Cuando llegamos, mis papás no estaban en casa. Subimos directo a mi cuarto y puse un disco para relajar el ambiente. Gabriel se acomodó en la cama. Yo lo miraba de reojo, nervioso. Tenía tantas ganas de contarle todo que no sabía por dónde empezar.

—Quiero mostrarte a alguien —dije al fin.

Se rió un poco, pensó que hablaba de alguna mascota. Caminé hacia el clóset y, con el corazón acelerado, abrí la puerta. Al principio no pasó nada. Me sudaban las manos y estuve a punto de cerrarla, de inventar cualquier excusa. Entonces lo vi: sus ojos redondos brillando en la oscuridad, el cabello erizado de un color morado con destellos rosados. Salió despacio, enorme, ocupando casi todo el espacio del cuarto.

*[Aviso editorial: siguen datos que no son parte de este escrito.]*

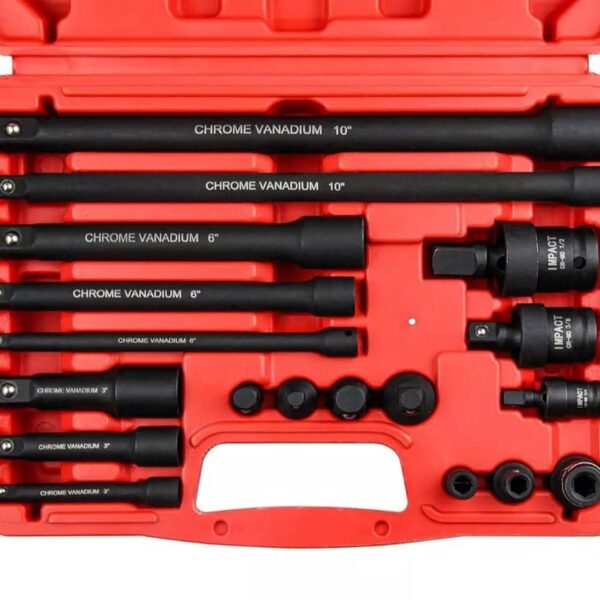Kit prolunghe di estensione rinforzate 18pz adattatori 1/2″ 1/4″ 3/8″ prolunga 75 150 250 mm RO

Me quedé helado, esperando con angustia el grito de Gabriel. Pero no sucedió. Lo observó en silencio y luego me miró a mí.

—Es increíble —susurró.

El monstruo se recostó a nuestro lado, como si llevara años esperando ese momento. Gabriel extendió la mano y, para mi sorpresa, la criatura no huyó: dejó que lo tocara. Yo no pude contener mi sonrisa y ellos me siguieron. Esa tarde el cuarto se llenó de una alegría que no recordaba haber sentido nunca y al fin entendí, con alivio, que mi monstruo ya no viviría nunca más en el clóset.